A comparison of corn fiber gum, hydrophobically modified starch, gum arabic and soybean soluble polysaccharide: interfacial dynamics, viscoelastic response at oil/water interfaces and emulsion stabilization mechanisms

Authors: JIN, QIANGWEI - Shanghai Jiaotong University; LI, XIAOBEI - Shanghai Jiaotong University; CAI, ZHIXIANG - Shanghai Jiaotong University; Yadav, Madhav; ZHANG, HONGBIN - Shanghai Jiaotong University; ZHANG, FEI - Shanghai Jiaotong University

Submitted to: Food Hydrocolloids
Publication Type: Peer Reviewed Journal
Publication Acceptance Date: 3/2/2017
Publication Date: 4/26/2017
Publication URL: http://handle.nal.usda.gov/10113/5674100
Citation: Jin, Q., Li, X., Cai, Z., Yadav, M.P., Zhang, H., Zhang, F. 2017. A comparison of corn fiber gum, hydrophobically modified starch, gum arabic and soybean soluble polysaccharide: interfacial dynamics, viscoelastic response at oil/water interfaces and emulsion stabilization mechanisms. Food Hydrocolloids. 70:329-344.

Interpretive Summary: Corn fiber gum (CFG) is isolated from a low valued by-product (corn fiber) of the corn wet milling process for producing corn starch and bioethanol. CFG has potential applications in the food industry as a thickener, stabilizer and emulsifier. However, the interfacial flow behavior in its oil in water emulsion and its effects on emulsion stability has not been well studied. Usually the flow behavior of an emulsifier at the oil and water interface is related to its structure. From the application point of view, a better understanding of how the emulsifier behaves on the interface of oil and water emulsion would be very valuable. Therefore, this comparative study of flow properties of CFG at oil water interface was undertaken to compare CFG with three commercial carbohydrate polymer emulsifiers, (a) octenyl succinate anhydride-modified starch (OSA-s), (b) gum arabic (GA) and (c) soybean soluble polysaccharides (SSPS). Our studies indicated that although all these polymers are all good emulsifiers, they differ significantly in their interfacial properties, making some of them superior to others in terms of emulsion stability. Among these carbohydrate emulsifiers, CFG shows superior slow and continuous increment of interfacial viscoelastic behavior, which makes it a better emulsifier than the other polymers. Also significant differences in the viscoelastic properties of these four emulsifiers at the oil water interface were found indicating that there are major differences in their structures and chain associations. These findings will benefit U. S. corn processors and manufacturers of CFG by providing a better understanding the interfacial flow behavior of these emulsifiers and being able to better match them to various potential applications. The generation of a valuable product from corn milling by-products will also indirectly help to reduce overall cost of fuel ethanol produced from corn kernels.
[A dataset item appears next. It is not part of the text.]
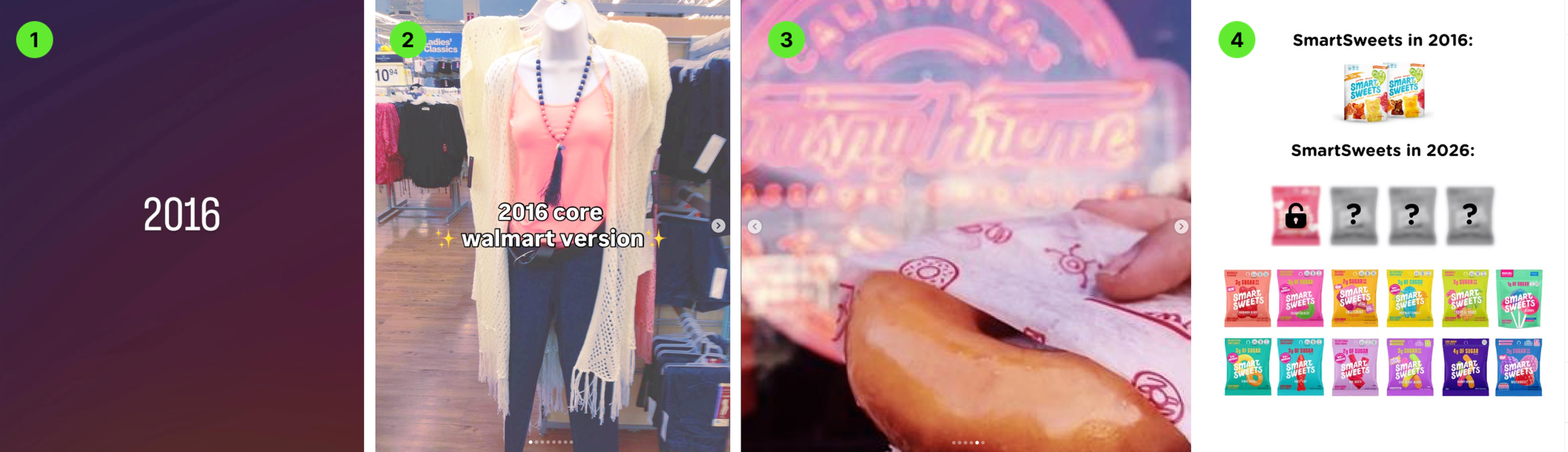 모두가 2016년 감성에 반응하는 요즘, 해외 기업 계정들까지 직접 ‘2016 코어’를 끌어다 쓰고 있어요. ①인스타그램은 공식 계정에서 “even used the rio filter <3”라며 대놓고 2016년 필터를 언급했고, ②월마트는 노란 필터와 약간은 촌스러운 옷과 함께 월마트 버전 2016코어를 선보였어요. ③ 크리스피 크림 역시 노란 필터 잔뜩 씌운 도넛 사진을 올렸구요. ④캔디 브랜드 SmartSweets은 2016년 단촐했던 패키지와 2026년 화려해진 라인업을 비교했어요! 이번 달 콘텐츠를 아직 고민 중인 마케터라면, 노란 필터를 적극 활용해보는 것도 좋을 거 같아요.👀 (역사가 있는 브랜드라면, 2016년 vs 2026년을 비교해보는 것도 좋겠죠!) |

Technical Abstract: The interfacial rheology of polysaccharide adsorption layers of corn fiber gum (CFG), octenyl succinate anhydride-modified starch (OSA-s), gum arabic (GA) and soybean soluble polysaccharides (SSPS) at the oil/water interface and their emulsifying properties in oil-in-water (O/W) emulsions were compared. All four amphiphilic polymers contain different amounts of protein and they are of high molecular weight and highly branched. Based on the detailed interfacial shear rheological information (shearing time, concentration, temperature, strain), dependency of interfacial dynamic moduli, creep or relaxation response, and steady/dynamic flow behavior of the interfacial layers, we found pronounced differences in the viscoelastic response of the four hybrid polyelectrolytes in shear flow. The adsorbed film of CFG is unique because it exhibits a predominantly viscous layer (loss modulus G’ > storage modulus G'’) showing an apparently increasing G' throughout the whole test without a saturated value, whereas OSA-s produces a viscous layer at the interface with a very low viscosity, G'< G'. Emulsifying properties of the four polymers were evaluated in terms of the emulsion physical properties, droplet-size distribution and optical microscopy observation. The effect of concentration and storage temperature on the interfacial viscoelastic response and the corresponding emulsion stability of each biopolymer were correlated. Models to describe the distinct interfacial dynamics and stabilizing mechanism of the four emulsifiers involving steric repulsion and electrostatic repulsion were proposed.